Wednesday, June 10, 2009

Salman Rushdie: The Oral Narrative

In an interview in 1985, Rushdie talks about the techniques he used in Midnight's Children as his attempt to reproduce the traditional techniques of the Indian oral narrative tradition:

"Listening to this man (a famous story teller in Baroda) reminded me of the shape of the oral narrative. It's not linear. An oral narrative does not go from the beginning to the middle to the end of the story. It goes in great swoops, it goes in spirals or in loops, it every so often reiterates something that happened earlier to remind you, and then takes you off again, sometimes summarises itself, it frequently digresses off into something that the story teller appears just to have thought of, then it comes back to the main thrust of the narrative...

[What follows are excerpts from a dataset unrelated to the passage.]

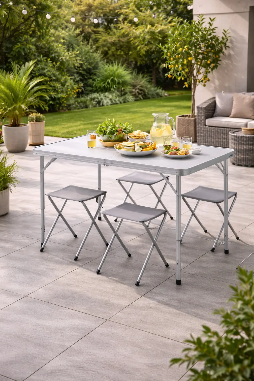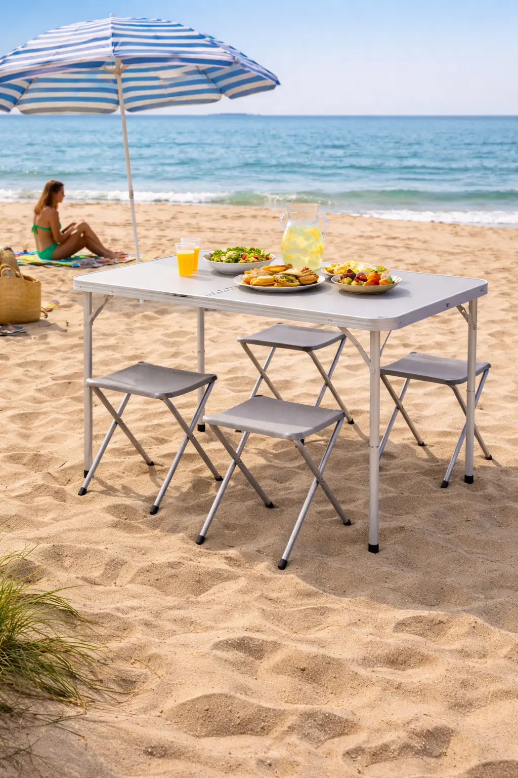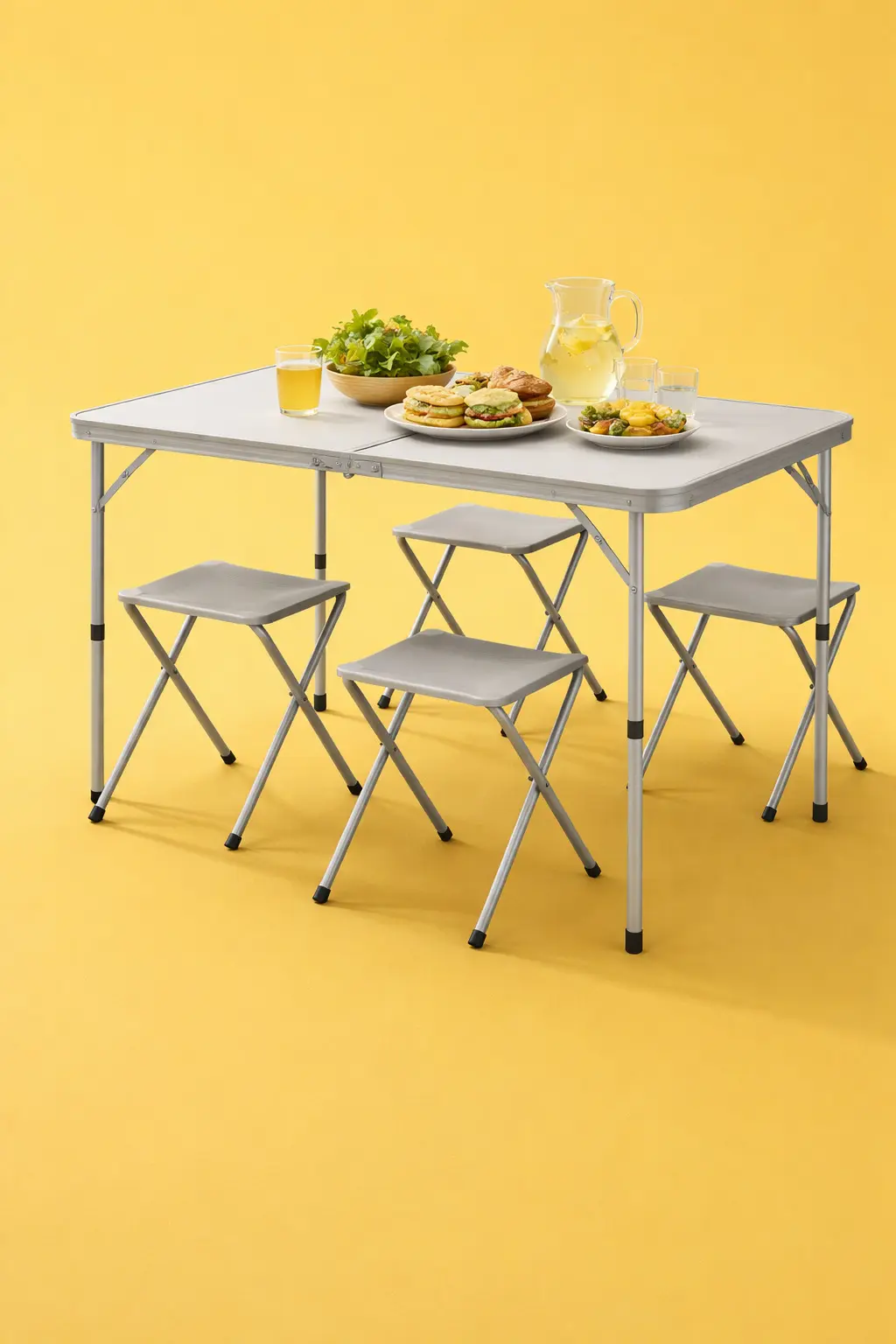 La mesa plegable con bancos es la opción ideal para quienes buscan comodidad, practicidad y ahorro de espacio en un solo producto. Perfecta para camping, playa, picnics, jardín o reuniones familiares, te permite armar un espacio cómodo para compartir en pocos segundos. Su diseño plegable hace que sea fácil de transportar y guardar, convirtiéndola en una solución práctica para llevar a donde quieras.
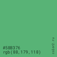Цвет #58B376 в цветовой модели RGB обозначается тремя октетами (88, 179, 118) в десятичном формате и #58B376 в шестнадцатиричном (hex) формате, которые являются интенсивностью красного 88 (hex 58), интенсивность зелёного 179 (hex B3) и интенсивность синего 118 (hex 76).
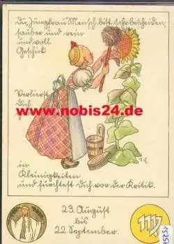Sternzeichen, Jungfrau mit Eigenschaften, Nr. 860/9 *ca. 1950
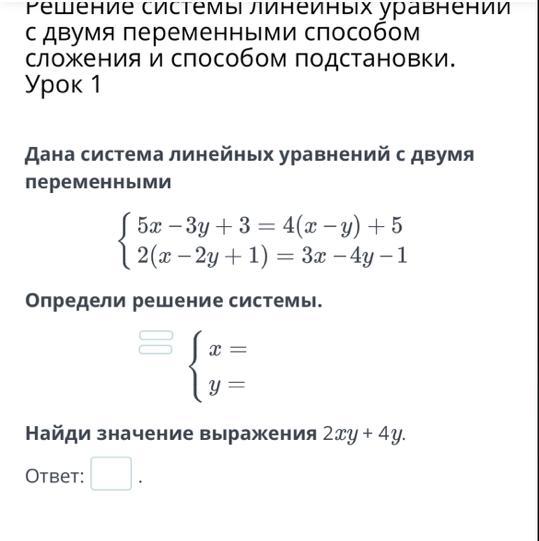 Найди значение выражения 2xy + 4y.
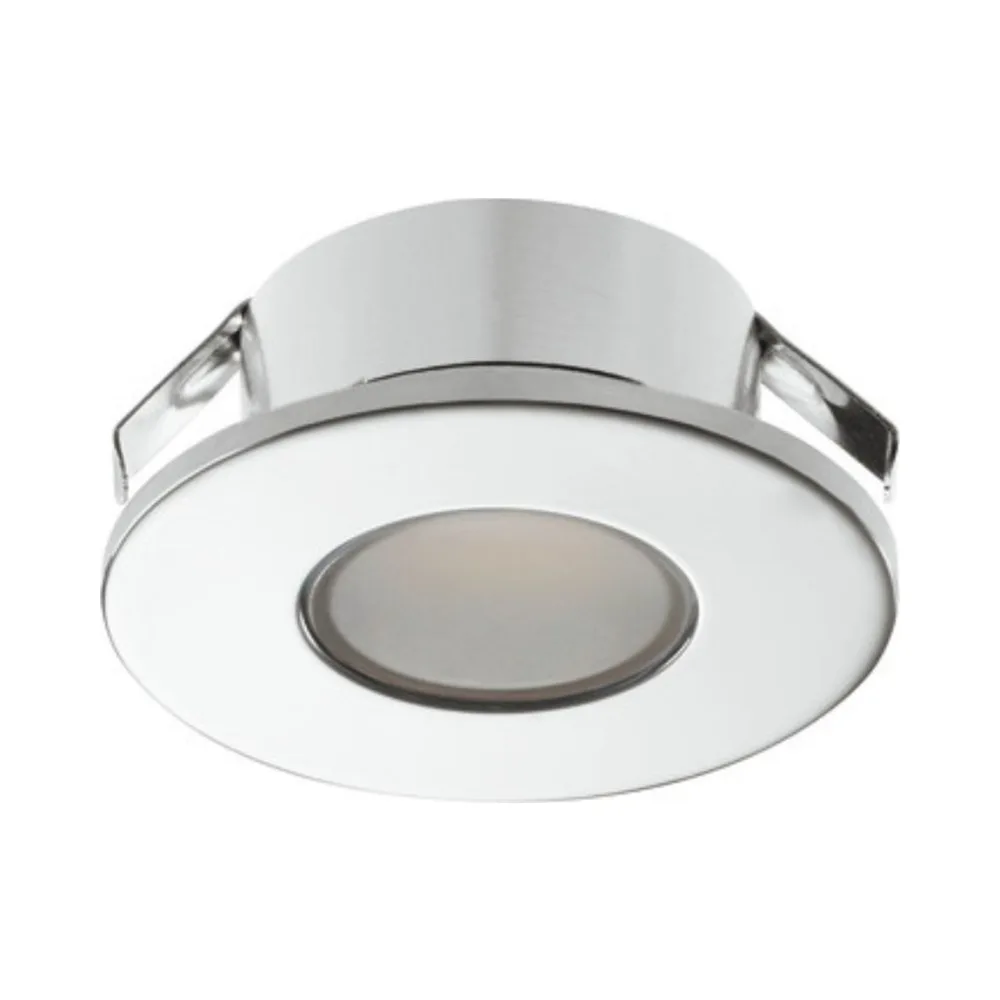 Its chrome plated polished aluminium housing and cool white 4000K output provide bright, neutral illumination, and when recess mounted it achieves an IP44 rating suitable for wet rooms and bathroom zone installations. Supplied with a 2000 mm Loox5 12V connector lead for simple plug-in installation.
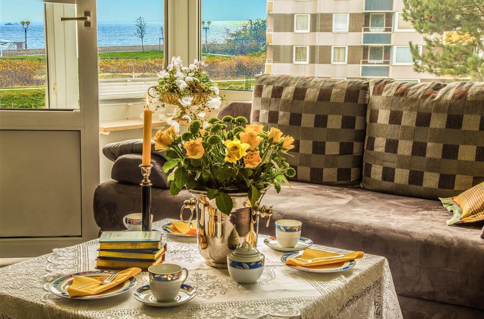 Gemütliche Ferienwohnung in Grömitz mit Seeblick und nur 100 Meter zum Strand, ideal für entspannte Tage an der Ostsee.
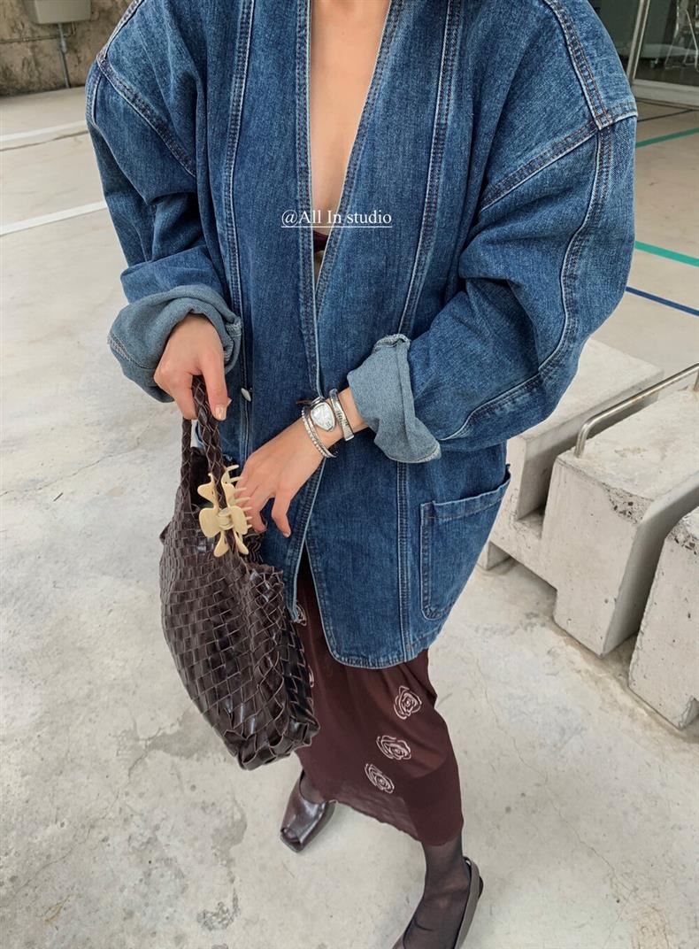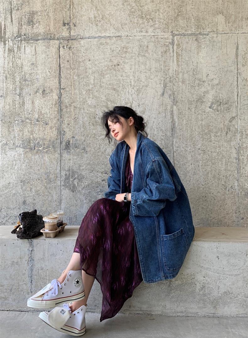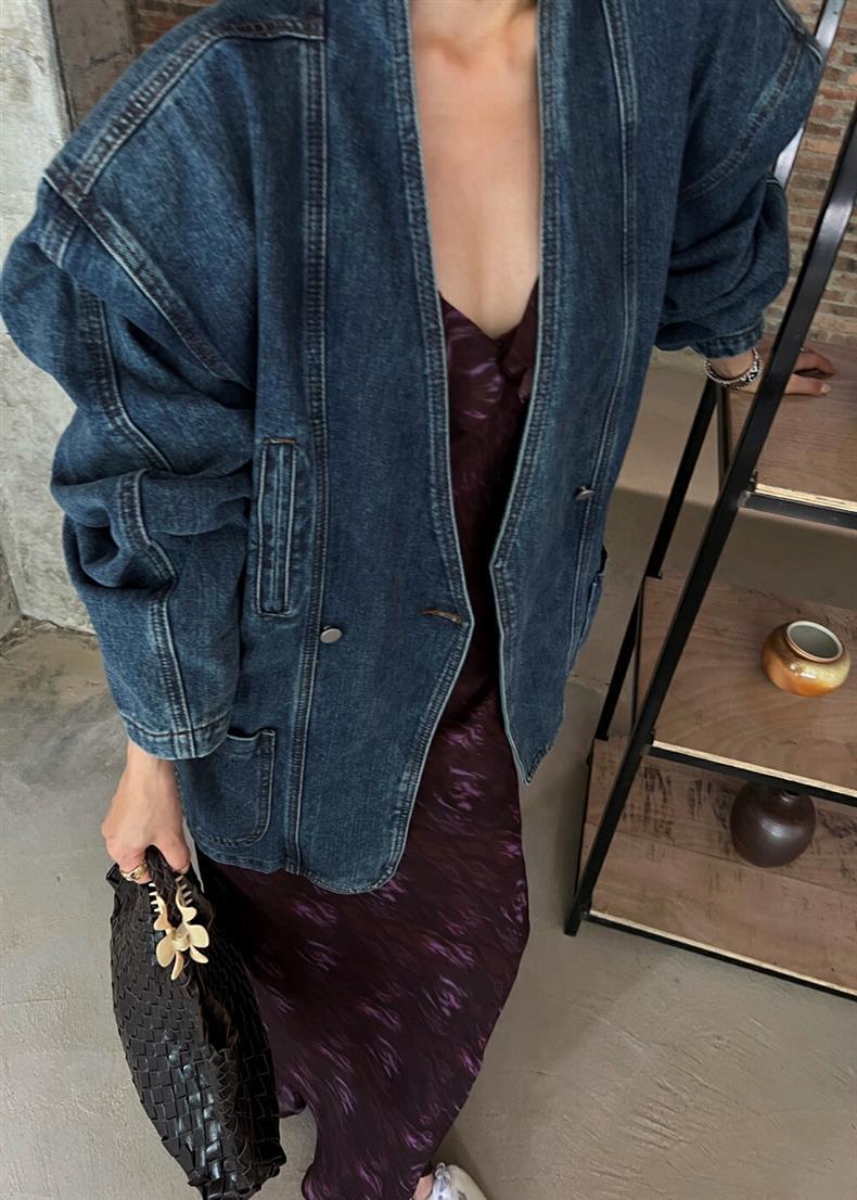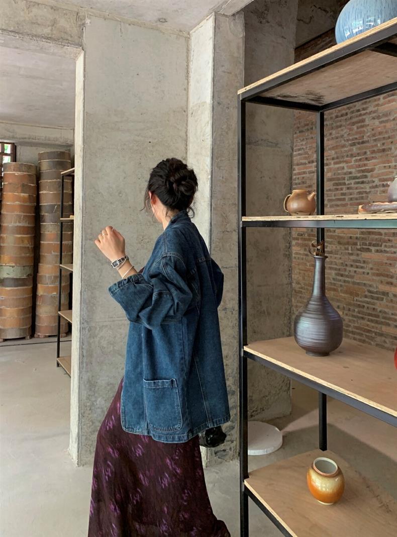 2025 년 이른 봄 새로운 레트로 스트리트 스타일의 느슨한 디자인 센스 더블 브레스트 패드 숄더 데님 코트 여성용 재킷 탑

"So that's what Midnight's Children was, I think, and I think everything about Laurence Sterne, Garcia Marquez, and all that, comes a long way behind that, and that was the thing that I felt when writing it that I was trying to do."

Enlightenment

Everything I know
about Buddhism
I know
because of you.

I was only a child
then--I believed in you
I believed, I believed
in every word
you said.

One night I sat, cross-legged
and prayed, in front of
the altar because
you
told me to.

That night
instead of going to bed
that night because
you
told me to

I chanted
I chanted
a thousand
and one prayers:

Quan The Am Bo Tat...
Quan The Am Bo Tat...
Quan The Am Bo Tat...

I was too young
to understand
the journey.

I have lost my way since
the night you left me
the night
Quan Am passed me by.

Sunday, June 7, 2009

Why I am cheating on you, notebook...

That's right, notebook. I am having an affair...with my new blog. I can't help it. I'm only human. This blog is so pretty, so public, so new. You, on the other hand, have always been so private, so primitive, so likely to expire. The idea of a writer traversing fields and ponds with her leather bound notebook in tow is so passe, so a romantic impossibility belonging only to the realm of writerly images. I was never able to bound you in cow skin. You abhorred it; I could barely afford it. And where are these fields and ponds that supposedly generate great characters for the next-great-Canadian-novels? I am still looking for that one tree you once promised me, that little moss covered nook at the base of a trunk, that deep contemplative shade away from the hazy summer sun. Hhmph. More writerly images.

I'm sorry, notebook. But I do think it's time we try other connections. I'll come back to you every once in a while. Will you be there for me in moments of crisis? moments of severe self-doubt? moments of unbearable loneliness? I'm sure my new blog is not equipped for containing such abysses. But you are. You have always been my most faithful crevasse.